Eduardo Coutinho

Coutinho: “Quem fala sozinho está no hospício. Eu filme relações”

Ninguém que conheça a obra – e por aí a visão de mundo – de Eduardo Coutinho poderia sequer imaginar a maneira brutal e trágica como sua morte aconteceu ontem. Resolvi resgatar essa entrevista que fiz com ele em fevereiro do ano passado – provavelmente a última que ele concedeu para a Paraíba.

Cabra Marcado para Morrer (1984) iria abrir (como abriu mesmo) a Mostra Noite de Estreia. Não era, claro, uma estreia ao pé-da-letra, mas de certa forma era a maior estreia de todas da programação: a cópia restaurada, estalando de nova, em 35mm, de um dos grandes documentários brasileiros (e que tem a Paraíba como protagonista).
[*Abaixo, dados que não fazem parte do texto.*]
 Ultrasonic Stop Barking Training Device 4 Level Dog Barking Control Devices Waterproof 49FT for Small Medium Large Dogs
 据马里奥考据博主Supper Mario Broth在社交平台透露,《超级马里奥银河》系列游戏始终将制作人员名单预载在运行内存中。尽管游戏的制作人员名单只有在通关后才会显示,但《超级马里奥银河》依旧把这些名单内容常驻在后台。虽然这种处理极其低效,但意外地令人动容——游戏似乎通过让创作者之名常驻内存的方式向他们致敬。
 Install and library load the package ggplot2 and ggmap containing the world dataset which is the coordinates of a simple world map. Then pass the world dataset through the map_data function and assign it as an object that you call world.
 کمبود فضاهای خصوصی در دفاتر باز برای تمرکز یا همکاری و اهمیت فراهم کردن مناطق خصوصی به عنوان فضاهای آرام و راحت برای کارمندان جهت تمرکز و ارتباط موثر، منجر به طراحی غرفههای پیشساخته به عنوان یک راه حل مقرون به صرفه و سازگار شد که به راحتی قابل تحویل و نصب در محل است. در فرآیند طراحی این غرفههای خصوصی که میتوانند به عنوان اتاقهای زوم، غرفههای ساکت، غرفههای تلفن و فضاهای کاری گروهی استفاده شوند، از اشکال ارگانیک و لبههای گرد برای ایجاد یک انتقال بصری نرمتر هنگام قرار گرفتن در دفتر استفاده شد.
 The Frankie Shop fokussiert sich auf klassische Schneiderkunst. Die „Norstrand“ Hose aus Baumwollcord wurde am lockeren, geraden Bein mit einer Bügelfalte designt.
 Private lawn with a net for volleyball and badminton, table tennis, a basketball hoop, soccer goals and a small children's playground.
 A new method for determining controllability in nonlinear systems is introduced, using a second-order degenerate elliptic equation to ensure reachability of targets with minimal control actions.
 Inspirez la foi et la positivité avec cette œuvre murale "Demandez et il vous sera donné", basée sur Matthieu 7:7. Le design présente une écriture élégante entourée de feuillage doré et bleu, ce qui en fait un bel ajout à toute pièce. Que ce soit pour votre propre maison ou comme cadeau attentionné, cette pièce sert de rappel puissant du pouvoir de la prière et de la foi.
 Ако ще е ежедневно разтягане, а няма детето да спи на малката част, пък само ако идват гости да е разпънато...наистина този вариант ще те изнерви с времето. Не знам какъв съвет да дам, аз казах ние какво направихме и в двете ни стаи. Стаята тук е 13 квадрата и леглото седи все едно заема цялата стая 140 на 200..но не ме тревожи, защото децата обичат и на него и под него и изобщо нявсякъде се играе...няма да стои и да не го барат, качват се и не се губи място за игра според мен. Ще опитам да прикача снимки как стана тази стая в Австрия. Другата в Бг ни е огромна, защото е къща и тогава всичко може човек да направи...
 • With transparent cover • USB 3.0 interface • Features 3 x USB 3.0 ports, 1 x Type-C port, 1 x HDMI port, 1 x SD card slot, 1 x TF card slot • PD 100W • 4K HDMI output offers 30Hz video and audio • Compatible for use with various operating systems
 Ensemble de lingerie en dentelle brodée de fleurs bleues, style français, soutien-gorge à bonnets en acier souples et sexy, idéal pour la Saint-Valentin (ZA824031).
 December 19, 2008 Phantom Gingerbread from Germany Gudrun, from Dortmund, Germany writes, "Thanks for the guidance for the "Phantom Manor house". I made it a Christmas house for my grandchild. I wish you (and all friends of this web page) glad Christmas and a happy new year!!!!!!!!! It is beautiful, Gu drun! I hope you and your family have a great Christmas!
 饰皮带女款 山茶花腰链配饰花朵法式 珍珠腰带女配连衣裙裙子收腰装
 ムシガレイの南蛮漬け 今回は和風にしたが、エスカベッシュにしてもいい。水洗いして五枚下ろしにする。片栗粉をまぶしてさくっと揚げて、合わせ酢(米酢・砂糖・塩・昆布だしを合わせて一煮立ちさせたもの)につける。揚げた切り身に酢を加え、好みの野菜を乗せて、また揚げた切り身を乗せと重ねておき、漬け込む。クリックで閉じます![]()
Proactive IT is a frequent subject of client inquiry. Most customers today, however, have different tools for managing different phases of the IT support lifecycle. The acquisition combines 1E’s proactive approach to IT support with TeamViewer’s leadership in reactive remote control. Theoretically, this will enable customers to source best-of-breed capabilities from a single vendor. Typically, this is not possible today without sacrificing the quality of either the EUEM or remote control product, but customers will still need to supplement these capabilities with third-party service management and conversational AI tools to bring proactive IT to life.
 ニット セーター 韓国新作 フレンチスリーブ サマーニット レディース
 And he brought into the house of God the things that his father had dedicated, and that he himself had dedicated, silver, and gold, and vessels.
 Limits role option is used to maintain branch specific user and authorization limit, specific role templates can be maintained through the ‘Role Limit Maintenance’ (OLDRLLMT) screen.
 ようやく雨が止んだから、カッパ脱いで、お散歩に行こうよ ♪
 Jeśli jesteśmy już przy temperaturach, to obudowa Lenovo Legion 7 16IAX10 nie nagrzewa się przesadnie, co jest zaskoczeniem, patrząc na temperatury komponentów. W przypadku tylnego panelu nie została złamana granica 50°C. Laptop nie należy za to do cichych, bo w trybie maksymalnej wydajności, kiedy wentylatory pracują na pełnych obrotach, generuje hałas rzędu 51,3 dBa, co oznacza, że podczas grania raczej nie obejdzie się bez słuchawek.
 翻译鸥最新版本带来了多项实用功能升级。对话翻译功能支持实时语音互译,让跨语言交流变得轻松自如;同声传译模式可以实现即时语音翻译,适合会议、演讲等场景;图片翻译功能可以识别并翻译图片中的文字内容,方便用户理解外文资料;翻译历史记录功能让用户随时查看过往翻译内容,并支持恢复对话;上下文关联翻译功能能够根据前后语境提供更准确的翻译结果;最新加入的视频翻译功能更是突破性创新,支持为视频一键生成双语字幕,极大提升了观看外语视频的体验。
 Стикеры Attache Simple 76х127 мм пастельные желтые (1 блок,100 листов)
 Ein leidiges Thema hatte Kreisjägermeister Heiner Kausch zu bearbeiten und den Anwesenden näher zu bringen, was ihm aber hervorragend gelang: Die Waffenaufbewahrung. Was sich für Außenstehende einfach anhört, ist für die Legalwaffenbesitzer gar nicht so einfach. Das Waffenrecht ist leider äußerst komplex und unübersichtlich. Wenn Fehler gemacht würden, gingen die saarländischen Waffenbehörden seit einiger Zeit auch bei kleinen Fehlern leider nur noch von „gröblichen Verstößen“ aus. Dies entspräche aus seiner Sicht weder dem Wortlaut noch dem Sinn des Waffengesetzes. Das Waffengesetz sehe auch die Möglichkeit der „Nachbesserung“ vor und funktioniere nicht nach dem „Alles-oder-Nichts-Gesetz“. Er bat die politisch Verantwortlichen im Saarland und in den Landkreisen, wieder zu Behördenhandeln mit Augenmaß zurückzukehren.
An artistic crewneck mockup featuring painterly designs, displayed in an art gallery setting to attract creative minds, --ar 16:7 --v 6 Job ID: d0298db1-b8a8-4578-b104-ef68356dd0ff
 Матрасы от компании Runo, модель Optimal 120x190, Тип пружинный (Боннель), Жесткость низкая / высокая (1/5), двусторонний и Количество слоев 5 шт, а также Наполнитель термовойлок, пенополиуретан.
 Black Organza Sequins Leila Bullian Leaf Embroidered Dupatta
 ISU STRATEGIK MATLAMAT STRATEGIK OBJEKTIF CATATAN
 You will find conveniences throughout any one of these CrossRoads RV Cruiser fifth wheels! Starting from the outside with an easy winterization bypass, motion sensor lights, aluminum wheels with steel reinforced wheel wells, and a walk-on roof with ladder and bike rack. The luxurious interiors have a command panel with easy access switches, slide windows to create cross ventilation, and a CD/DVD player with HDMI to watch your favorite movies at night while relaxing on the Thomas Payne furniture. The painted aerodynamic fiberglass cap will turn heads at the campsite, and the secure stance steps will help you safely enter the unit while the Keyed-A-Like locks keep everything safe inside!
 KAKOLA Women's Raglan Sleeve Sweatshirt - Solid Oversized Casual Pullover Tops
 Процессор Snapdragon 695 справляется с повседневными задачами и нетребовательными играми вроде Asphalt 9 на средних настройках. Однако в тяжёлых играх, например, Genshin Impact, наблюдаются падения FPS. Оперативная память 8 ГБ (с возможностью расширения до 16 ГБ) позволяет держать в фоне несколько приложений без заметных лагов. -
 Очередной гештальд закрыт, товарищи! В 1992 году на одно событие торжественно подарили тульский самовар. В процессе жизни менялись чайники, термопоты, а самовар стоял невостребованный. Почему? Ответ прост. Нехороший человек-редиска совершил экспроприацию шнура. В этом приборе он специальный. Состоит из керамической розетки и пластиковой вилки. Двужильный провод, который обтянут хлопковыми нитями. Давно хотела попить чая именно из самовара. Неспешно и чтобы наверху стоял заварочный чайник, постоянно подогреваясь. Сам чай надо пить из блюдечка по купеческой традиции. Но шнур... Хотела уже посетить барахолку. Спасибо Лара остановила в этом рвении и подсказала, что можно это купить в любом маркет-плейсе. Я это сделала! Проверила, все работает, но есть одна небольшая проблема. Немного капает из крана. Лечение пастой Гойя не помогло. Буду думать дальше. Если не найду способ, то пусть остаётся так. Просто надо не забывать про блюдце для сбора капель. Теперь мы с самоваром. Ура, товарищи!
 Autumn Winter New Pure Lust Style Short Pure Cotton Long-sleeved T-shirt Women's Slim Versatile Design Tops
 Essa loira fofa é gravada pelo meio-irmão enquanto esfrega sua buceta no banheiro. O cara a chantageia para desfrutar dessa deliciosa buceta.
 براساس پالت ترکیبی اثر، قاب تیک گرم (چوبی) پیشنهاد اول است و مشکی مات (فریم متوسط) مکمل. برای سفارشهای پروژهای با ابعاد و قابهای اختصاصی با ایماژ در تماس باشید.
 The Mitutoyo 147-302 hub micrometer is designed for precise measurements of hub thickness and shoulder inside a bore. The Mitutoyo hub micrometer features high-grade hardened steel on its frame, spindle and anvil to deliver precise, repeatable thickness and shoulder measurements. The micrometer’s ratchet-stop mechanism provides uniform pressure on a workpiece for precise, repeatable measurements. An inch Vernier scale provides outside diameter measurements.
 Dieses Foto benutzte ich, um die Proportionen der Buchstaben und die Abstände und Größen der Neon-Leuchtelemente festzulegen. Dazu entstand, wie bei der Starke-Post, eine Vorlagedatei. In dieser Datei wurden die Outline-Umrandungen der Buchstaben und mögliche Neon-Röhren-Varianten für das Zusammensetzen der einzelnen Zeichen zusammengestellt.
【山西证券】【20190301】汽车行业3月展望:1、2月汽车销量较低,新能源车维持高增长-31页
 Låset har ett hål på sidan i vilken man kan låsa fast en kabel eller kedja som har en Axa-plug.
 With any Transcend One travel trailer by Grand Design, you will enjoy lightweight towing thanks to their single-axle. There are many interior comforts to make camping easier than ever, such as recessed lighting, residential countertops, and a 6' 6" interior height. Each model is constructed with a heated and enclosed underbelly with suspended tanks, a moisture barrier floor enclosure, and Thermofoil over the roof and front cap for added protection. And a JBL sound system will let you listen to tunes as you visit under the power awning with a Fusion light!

O próprio Coutinho só tinha visto o filme uma vez, na Cinemateca Brasileira, em São Paulo. Ele ainda nem havia sido exibido nos cinemas cariocas. É a cópia que vai gerar o DVD oficial do filme, para o qual novas entrevistas foram feitas pelo cineasta para os extras e uma faixa de comentários em áudio foi gravada há poucos dias por ele, o jornalista Carlos Alberto Mattos (do blog de quem roubei a foto abaixo) e Eduardo Escorel.

coutinho

Conversei com Coutinho por telefone para o Correio da Paraíba. Falamos da cópia nova, das discussões entre televisão e cinema, do modo dele de fazer documentários, etc. Já disseram que ele não gostava de dar entrevistas, mas nosso papo foi muito bom, muito agradável. Conversamos bastante e poderíamos ter conversado mais, não fosse o deadline.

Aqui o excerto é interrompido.